Oil Prices Fall as Fresh Lockdown Threatens Recovery
By Adedapo Adesanya
Oil prices fell on Friday as concerns about the recovery in fuel demand in the face of coronavirus cases surge continued following fresh lockdown just as major crude-producing nations set to increase output continue to reflect.
The international benchmark, Brent crude, dropped 23 cents or 0.53 per cent to sell at $43.14 per barrel, while the US West Texas Intermediate (WTI) crude lost 16 cents or 0.39 per cent to settle at $40.59 per barrel.
The largest oil-consuming nation, United States, recorded a record 77,000 new coronavirus cases in the last 24 hours, with Florida and Texas reporting the largest one-day increases in virus-related deaths.
Globally, new virus outbreaks continued to happen in Japan to Argentina, triggering new quarantine travel restrictions and business reclosures.
The European Union (EU) extended its travel ban on Americans for another two weeks as the country struggles to bring its outbreak under control.
Also, the U.S. active oil and gas rigs rose by nine to 288 during the week ended July 15, signalling a widely awaited recovery in US upstream sector.
The Organization of the Petroleum Exporting Countries and allied producers led by Russia, known as OPEC+, decided to taper production cuts by 2 million barrels per day to 7.7 million barrels per day beginning August 1 through the end the year.

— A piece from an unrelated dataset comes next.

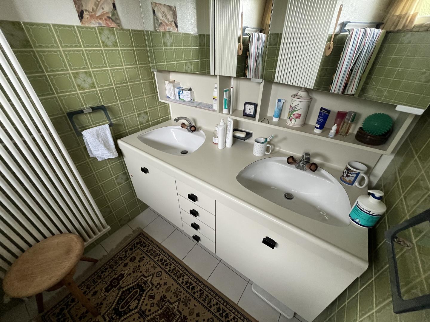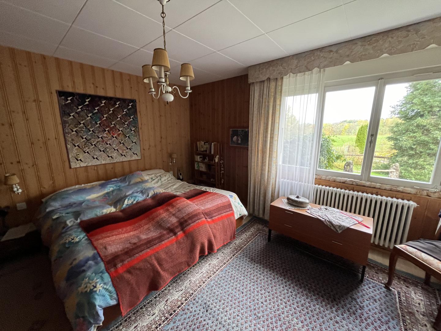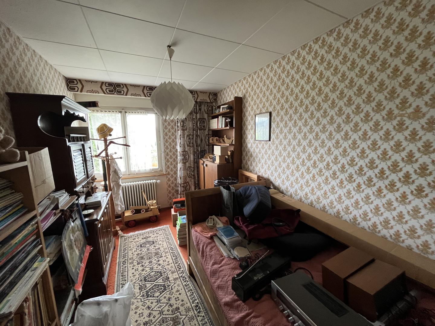 Ce bien immobilier, à vendre AVEC UN DROIT VIAGER, se compose ainsi: un généreux hall d'entrée, un vaste et lumineux espace séjour-salle à manger agrémenté d'une cheminée, une cuisine semi-ouverte, cinq pièces dont trois sont actuellement aménagées en chambre à coucher, deux salles de bain (1x WC/douche/baignoire + 1x WC/douche), un local technique avec buanderie et divers locaux-espaces de rangement. Accès à un grand galetas depuis la dernière pièce (escalier en bois).

However, compensation cuts from laggard members Nigeria, Iraq and Angola for August and September could offset some of the production coming back online.
OPEC officials see production increases justified as demand gradually returns from its pandemic’s nadir in April.
Russian Energy Minister, Mr Alexander Novak, sees global oil demand in August to rebound to 10 per cent below the pre-crisis levels but full recovery remains unlikely for at least another year.
Even the fact that crude oil inventories shed 7.5 million barrels in the week to July 10, after a build of 5.7 million barrels reported for the previous week, did nothing to help in the face of the news.
Concern among traders that OPEC+’s plan to ease production restrictions from next month would continue to tip the fundamentals scale towards another oversupply.